Beni bunu yazmaya iten bir diğer faktör de Polonya'dan, İkinci Polonya-Litvanya Topluluğu'nun, ne yazık ki sonunda boşa giden ve komünist dönemde sessizliğe gömülen veya çarpıtılan devasa başarılarından duyduğum gururdu. . Bugün ertelendi. O döneme ait “hepimizin” değerlendirmesinin, bireysel tarihsel figürlerin değerlendirilmesiyle mutlaka örtüşmediğini de ekleyeceğim. Ve bunu kitapta da defalarca dile getiriyorum. Ancak üzülerek şu şekilde fikrimi belirtmek isterim: “Eh, İkinci Cumhuriyet, başarılarıyla dolu bir ülkeydi, başarıya aç, Jagiellon zamanında sahip olduğumuz pozisyonu almayı hayal eden insanların ülkesiydi. Açlık, fırsat ve beceri, başarı şansınızın artmasıyla el ele gider. İkinci Polonya Cumhuriyeti o zamanın “Asya kaplanıydı”. O zamanlar bugün Singapur ya da Tayvan gibiydik. İlk başta hiçbir şansları yoktu ama zaman geçtikçe bu yarışta daha iyi performans gösterdik. Polonya Halk Cumhuriyeti döneminde, İkinci Polonya Cumhuriyeti'nin başarılarını silmek, Polonya'da ancak İkinci Dünya Savaşı'ndan sonra gerçekleşen ve ondan önce gerçekleşmeyen ilerlemeye ilişkin yanlış bir tablo oluşturmak için girişimlerde bulunuldu. ..”* – diğer merkez. E. Malak, bu onun bana karşı İkinci Polonya Cumhuriyeti'nin başarılarını takdir etmediğim ve hatta onlardan utandığım yönünde itibarsız bir suçlamada bulunmasına yol açtı (aynen böyle!). Bu arada bu başarılardan gurur duyuyorum. Bir kenara bırakalım, aynı paragraf diğer tarihçiler tarafından da not edildi ve onlar bana bu ekonomik büyümenin Büyük Buhran'dan kaynaklanan kayıpların telafisinden kaynaklandığını nazikçe (ve haklı olarak) hatırlattı. Gördüğünüz gibi herkesi memnun etmek imkansız...

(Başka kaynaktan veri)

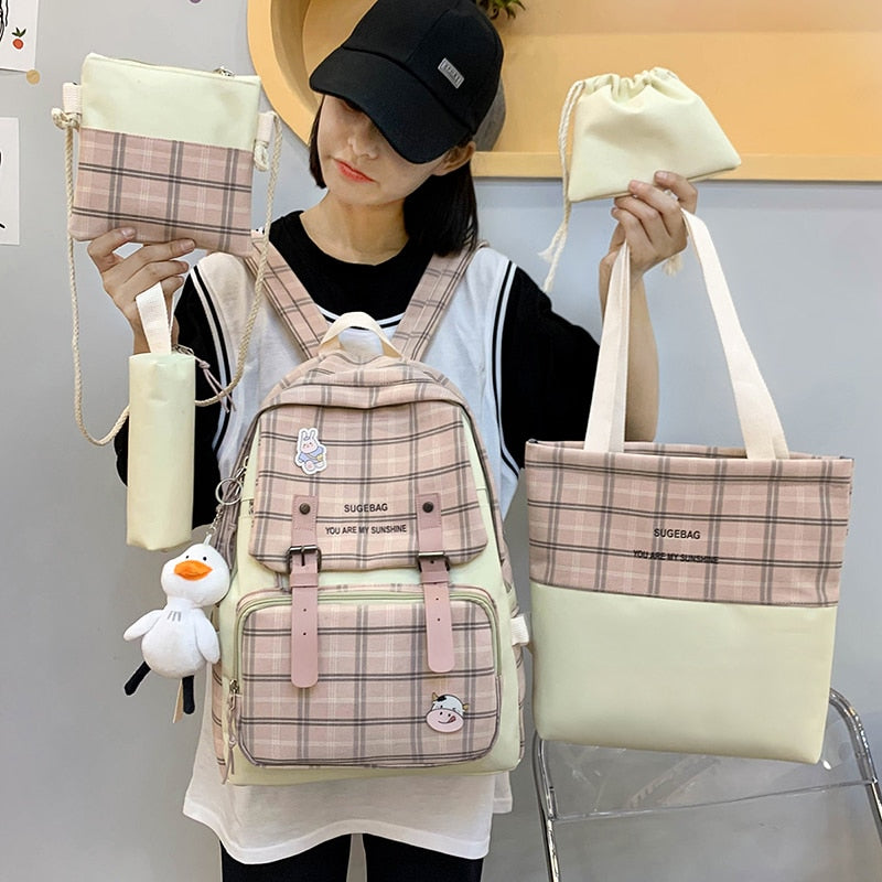 Weiyinxing Set Women Backpack Harajuku Nylon School Bags For Teenage Girls Boys Kawaii College Student Kids Book Bagpack Laptop Rucksack

Kaçınılmaz olarak, kitabın doğası gereği, bana göre çok fazla "katkıda bulunmayan", yani sadece genel halk için ilginç olan bazı materyallerden vazgeçmek zorunda kaldım. Bu nedenle herhangi bir askeri operasyonun temeli olan lojistik gibi ciddi hususları bu listeye dahil etmiyorum. Bu nedenle, savaş operasyonları için de gerekli olan iletişim sorunları arka planda kayboldu. Benzer şekilde, Polonya Ordusunun hazır seferberlik rezervleri konusunu veya zorunlu asker bakımının maliyetine ilişkin ayrıntılı hesaplamaları da değerlendirdim. Bir yayında herhangi bir materyalin bulunmaması, mutlaka belirli bir konu hakkında bilgi eksikliği anlamına gelmez. Bazen bu editoryal müdahale anlamına gelir. Bu unsurlardan bazıları kitabın çevrimiçi olarak yayınlanan eklerinde sırayla sunulmaktadır.